Even though she picked up 0.2Kg’s (on the scale) during her first month of training, her body fat had decreased, her strength, muscle tone and metabolism had improved – giving her a leaner, fitter appearance. This is a clear indication that ‘weight on the scale’ is not an indication of TRUE RESULTS!

It is now clearly evident that a gain in lean muscle improves our physical appearance and performance. This being said, a loss in muscle (atrophy) can hamper your appearance and performance.

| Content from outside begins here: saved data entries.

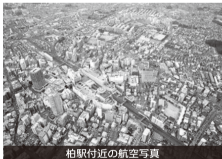
柏駅付近の航空写真

Q 東京都は再開発や区画整理など、未着手、一時停止が可能な事業の延期、中止を通過した。本市もこういう方針を示すべきではないか。 A 環境変化には慎重に対応しなければならない。今の時点で凍結はやり過ぎである。
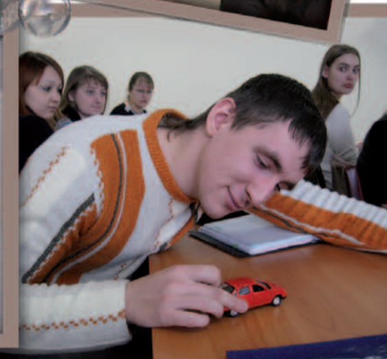
► Представляем автора
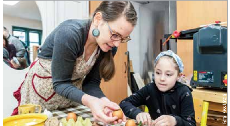
A legkülönbözőbb technikákkal készültek a hímes tojások
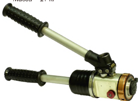
Насос ручной гидравлический НРГ8003-Э4

Диаметр перекусываемого прутка до – 30 мм Масса – 12 кг
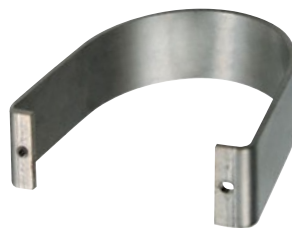
KIT STAFFE ACCESSORIE A CORREDO
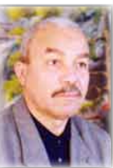
الشاعر التونسي احميد صولي

أَتَوَسَّدُ حُجْرَتِي وَأَنَا، فَالسَّاعَةُ تَعْرِقُ أَشْوَاقَ الْأُمَمِ فِي الصَّمْتِ، وَالنَّهْرُ يَبْوِّحُ فَتَاوَيْعَ تَعْلَازِلِ أَشْجَارِ الْمَوْتِ. السَّاعَةُ يَنْتَضُّ بِرُكَّانِ، وَلَا يَفْصَحُ، مَنْ قَالَ بِأَنَّكَ تَشْتَاقُ لِغَيْرِ الْمُنْبَحِ؟ أَتَصَفِّحُ أَحْدَاقَ النَّاجِينَ مِنَ الْعَفَةِ، فَاللَّجَّةُ تَحْبِلُ بِالْتَرَفِ. أَتَمْلِي رَائِحَةَ التَّعْبِ الْمَتْرَامِي فَالسَّاعَةُ تَنْهَالُ عَلَى الْأَنَاتِ أَكَابِيلِ الْخَوْفِ. أَيُّنُورَا لَوْهَمَ وَلَا تَنْهَضُ أَحْلَامِي؟ هِيَ ذِي صُورٍ لِأَعْيَاسِرِ تَرْوَعُ أَحْلَامَ الْكُشْفِ.
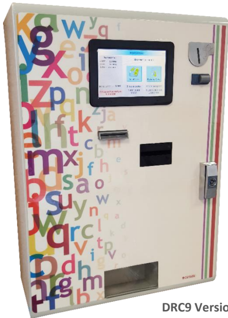
DRC9 Version Murale

Distributeur / Chargeur autonome de cartes magnétiques pour le paiement des copies et impressions
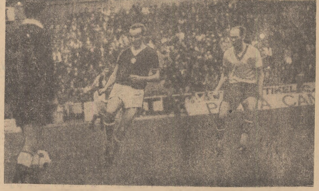
Acțiunea lui Bene urmărită de arbitrul austriac Linomayer (stînga) și suedezul Svensson (dreapta). Fază din meciul Ungaria — Suedia (1—2), care a avut loc sîmbătă, la Budapesta.

ECHIPA Estudiantes la Plata (Argentina) s-a calificat pentru finala „Cupei Americii de sud”. Fotbaliștii de la Estudiantes au învins cu 3—1 (0—0) pe River Plata (Argentina). În finală, Estudiantes va înfrîni echipa Penarol Montevideo. ÎN MECI retur pentru semifinalele „Cupei Franței”, echipa St. Etienne a terminat
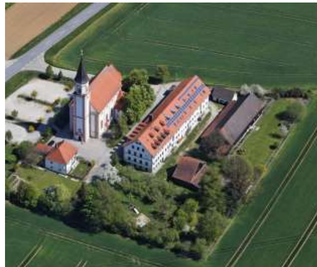
Das Geistliche Zentrum für Familien mit Wallfahrtskirche Heiligenbrunn

Für all diejenigen, denen die Stärkung von Ehe und Familien am Herzen liegt.
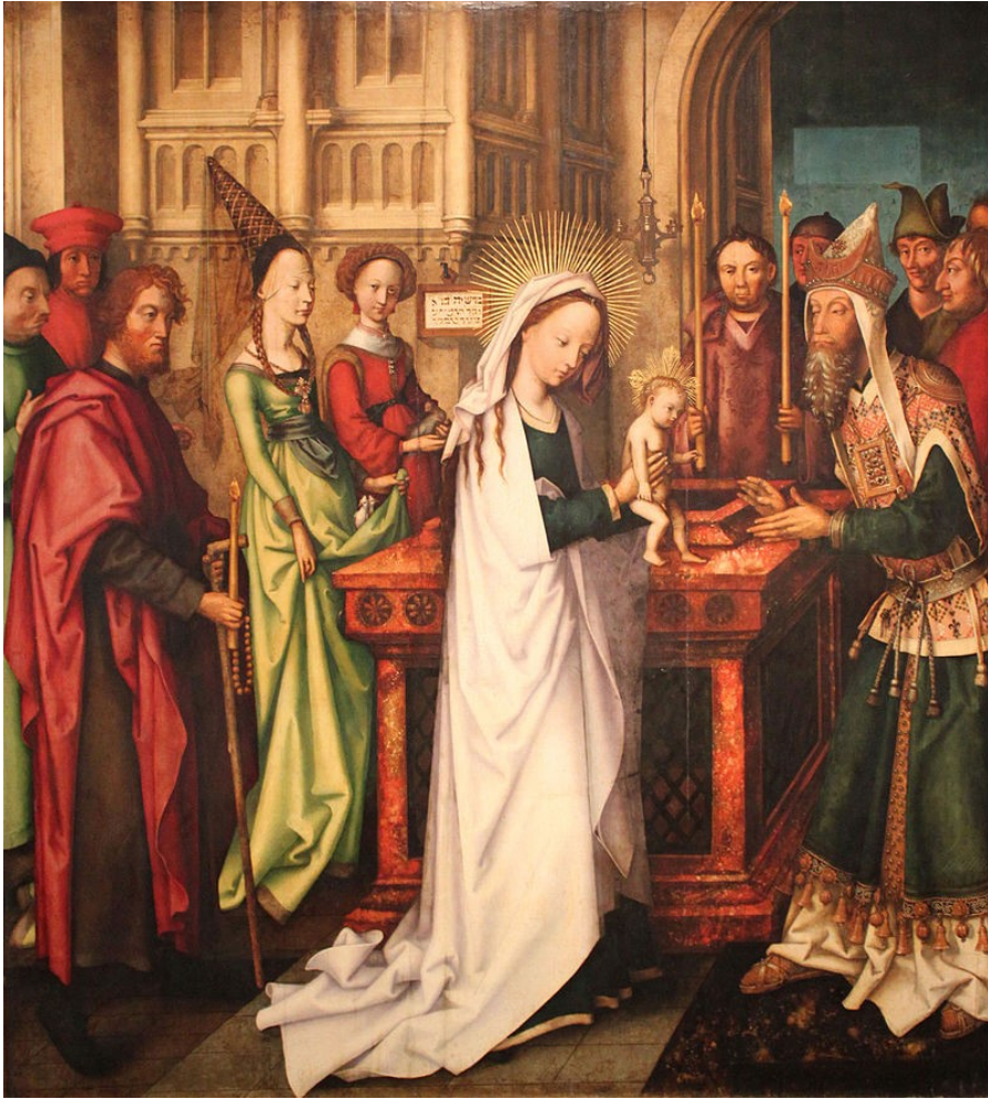
Présentation de Jésus au Temple (Hans Holbein l'Ancien, 1501, Kunsthalle de Hambourg).

Fondée en 1628 et incorporée dans L'Eglise épiscopale en 1804

Research indicates that people not engaged in a strength training regime – lose roughly 3kg’s of muscle per year after the age of 30! What makes matters worse is – for every 3kg’s of muscle lost, there is a direct reduction in your basal metabolic rate (BMR) of 0.5% per year! The reduction in our BMR means that our bodies are less efficient at using the food we consume for energy, it is thus stored as body fat.  BMR is the amount of energy that the body needs at rest to perform and maintain normal body functions. An increase in lean muscle will in turn increase your BMR (due to the high energy demands of your muscle), therefore you can condition your metabolism to speed up and work more efficiently even when you are at rest!

 Estimating your Basal Metabolic Rate (BMR)

  • Age: years
  • Height: cm
  • Weight: kg

 

  • Male = 66+(5xheight(cm)) + (13.7xweight(kg)) – (6.8xage(years))
  • Female = 655+(1.7xheight(cm)) + (9.6xweight(kg)) – (4.7xage(years))

Note that an increase in lean muscle causes an increase in your metabolic rate. Conversely, a decrease in lean muscle will cause a decrease in your metabolic rate. Bearing this in mind – if you are interested in REDUCING YOUR BODY FAT, REDUCING THE RISK OF DISEASE, increasing physical performance and improving your physical appearance, you should engage in a strength training program to help condition your BMR! Don’t be fooled into thinking that cardiovascular exercise and diets are enough –  sure you will lose weight on the scale, some of which is fat, but most of which is unfortunately muscle! No need for me to reiterate the IMPORTANCE OF LEAN MUSCLE! For the most effective, time saving, intense cardiovascular and strength workout, I recommend KETTLEBELL training. This is a great way to improve overall condition, vaporize body fat and demand new strength.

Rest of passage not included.